As expected, the mentee also reaps many benefits.
“With the advice and guidance of a mentor, mentees can avoid making mistakes that would otherwise occur. Feedback from a mentor can help a mentee grow stronger, more confident, and feel better equipped to handle challenging situations or crossroads in decision-making. This, in turn, develops leadership skills and character.
“The mentor/mentee relationship can be exciting to both individuals.
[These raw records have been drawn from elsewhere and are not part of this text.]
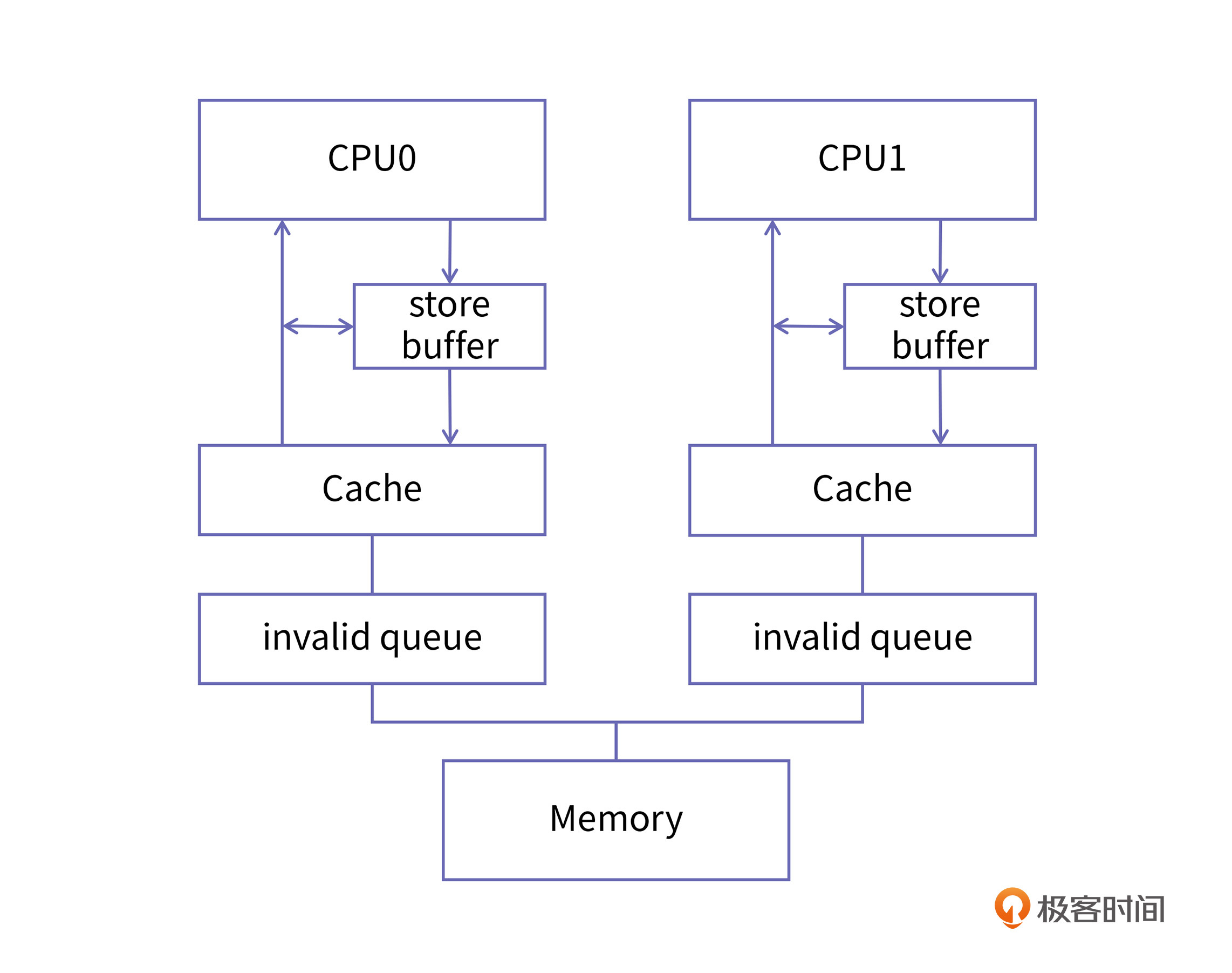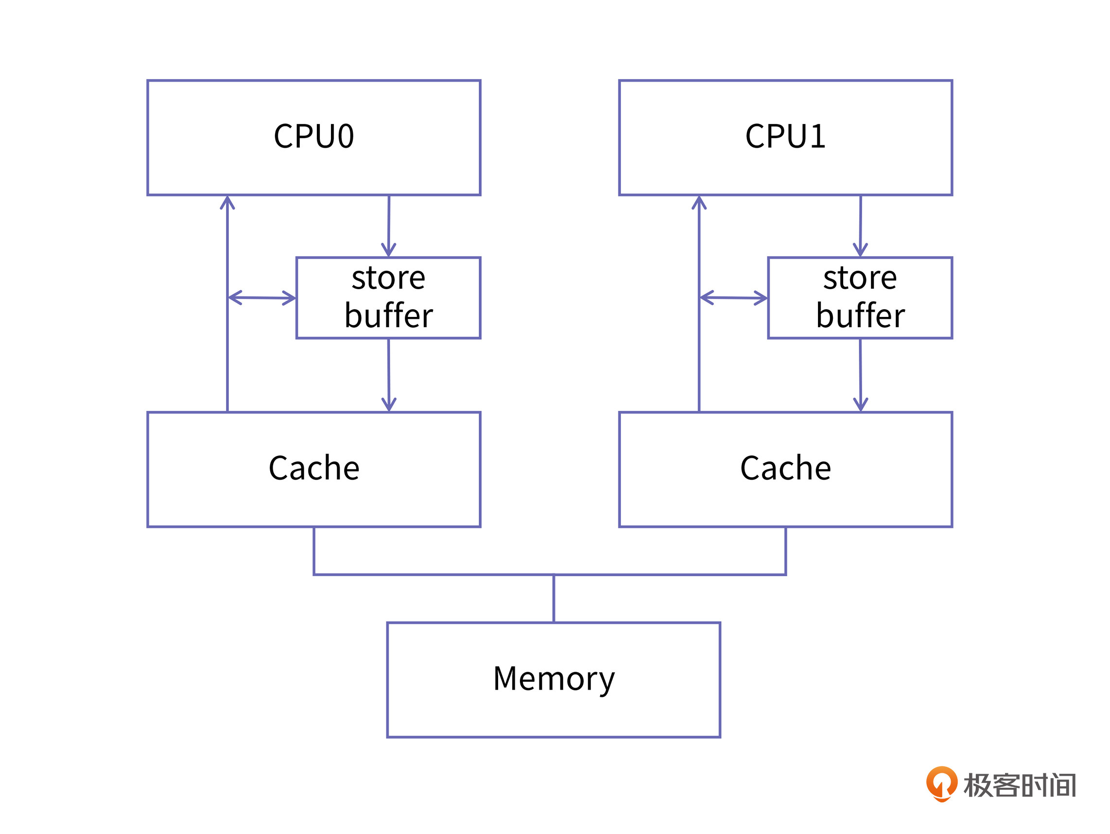 为了让你更好理解核间同步的问题,我们现在来举个例子。我们使用两个CPU,分别叫做CPU0和CPU1,其中CPU0负责写数据,而CPU1负责读数据,我们看看在增加了store buffer这个结构以后,它们在进行核间同步时会遇到什么问题。
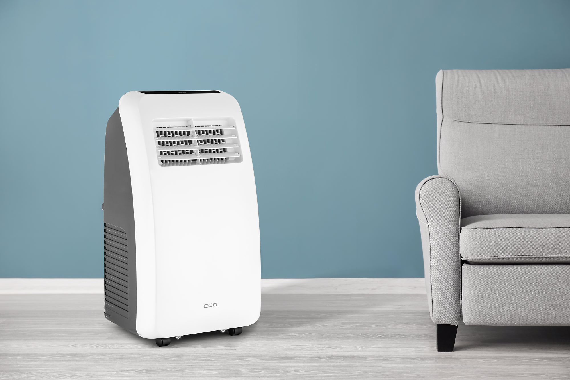 The ECG MK 94 air conditioner’s functions also include a timer on or off. You can use it to set time when the appliance switches on or off. " Controlling the air conditioning is completely intuitive, so you'll master it in literally no time. The electronic control panel perfectly complements the LED display, which informs you about the current setting of the air conditioning unit. And if you do not want to get up from your easy chair, you can control it using the practical remote control.
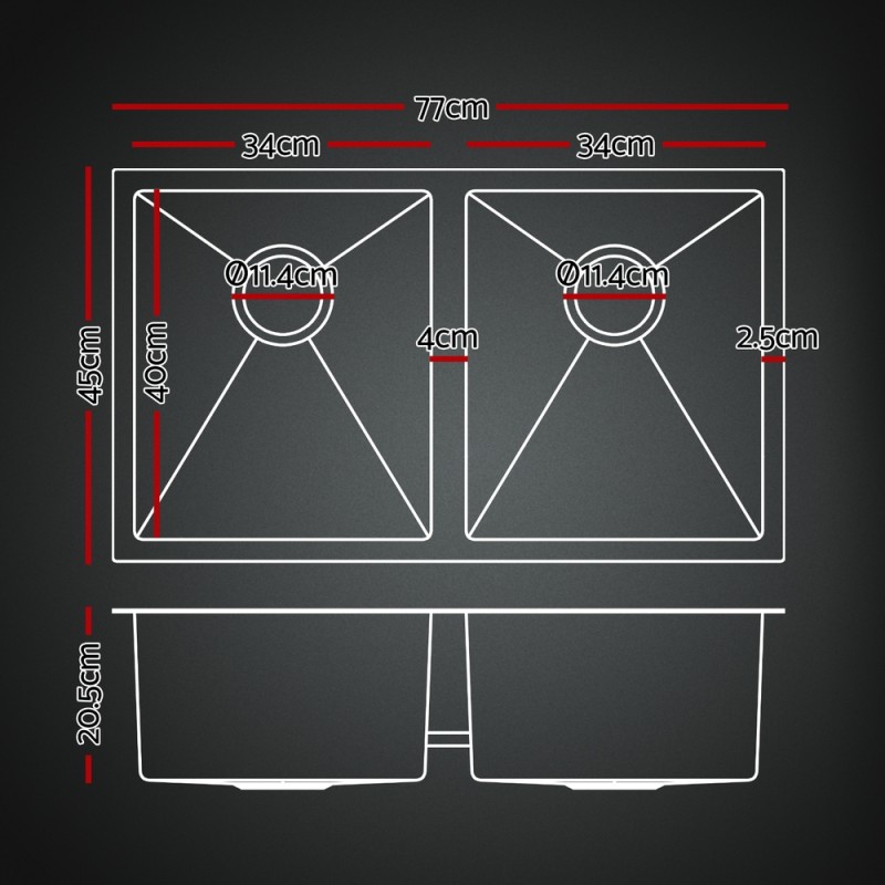 Upgrade your kitchen with the Cefito Stainless Steel Sink 77x45CM Double Bowl with Pull Out Mixer Tap. Crafted from heavy-duty 304 stainless steel and finished with advanced PVD coating, this modern sink is rust, scratch, and bacteria-resistant. The X-flume design ensures quick drainage, sound-deadening pads reduce noise, and R10 rounded corners make cleaning effortless. Featuring a 5-star WELS-rated pull-out mixer tap in matte black, this sink delivers style, durability, and versatile installation with a 5-year warranty.
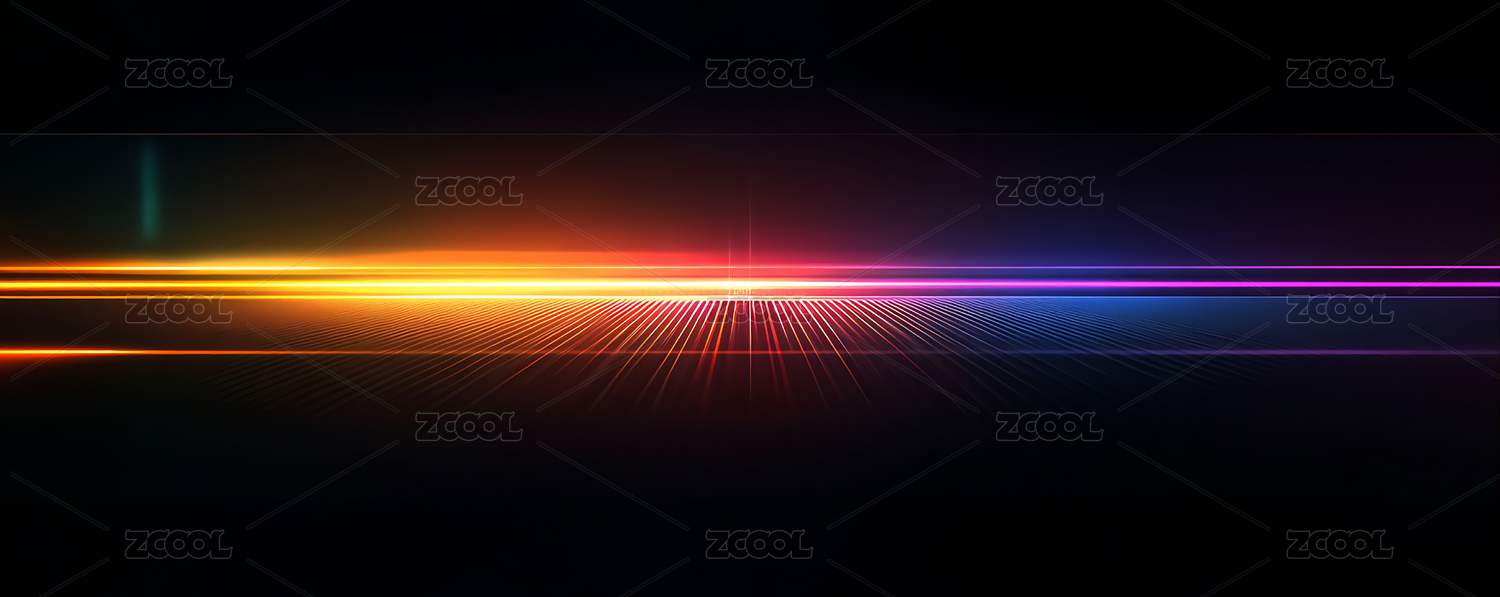 彩色光带在黑暗背景中延伸

This relationship is often the source of a highly valued and deep friendship.”
King describes this experience as creating a ripple effect.
“By helping a mentee, others are impacted by the mentee’s actions based upon the mentor’s feedback,” she says. “There is no knowing how far the impact of a mentor could go.”
So, why don’t more people do this?
Mentorship takes time and commitment. “When there are so many things competing for our time these days, it may be challenging to consider adding this to someone’s calendar,” King says. “They also may not want to feel responsible for someone else’s actions based upon their advice.”
However, it’s well worth the time and effort it takes to nurture a good mentor/mentee relationship.
“I never knew the true value of having a mentor until I had one myself,” King concludes. “My mentor (I had and still have several for varying reasons) helped me shape my thinking, expand my network, and gave me confidence, encouragement, and support to pursue my passions. I would not be where I am today without the advice and support from various mentors.”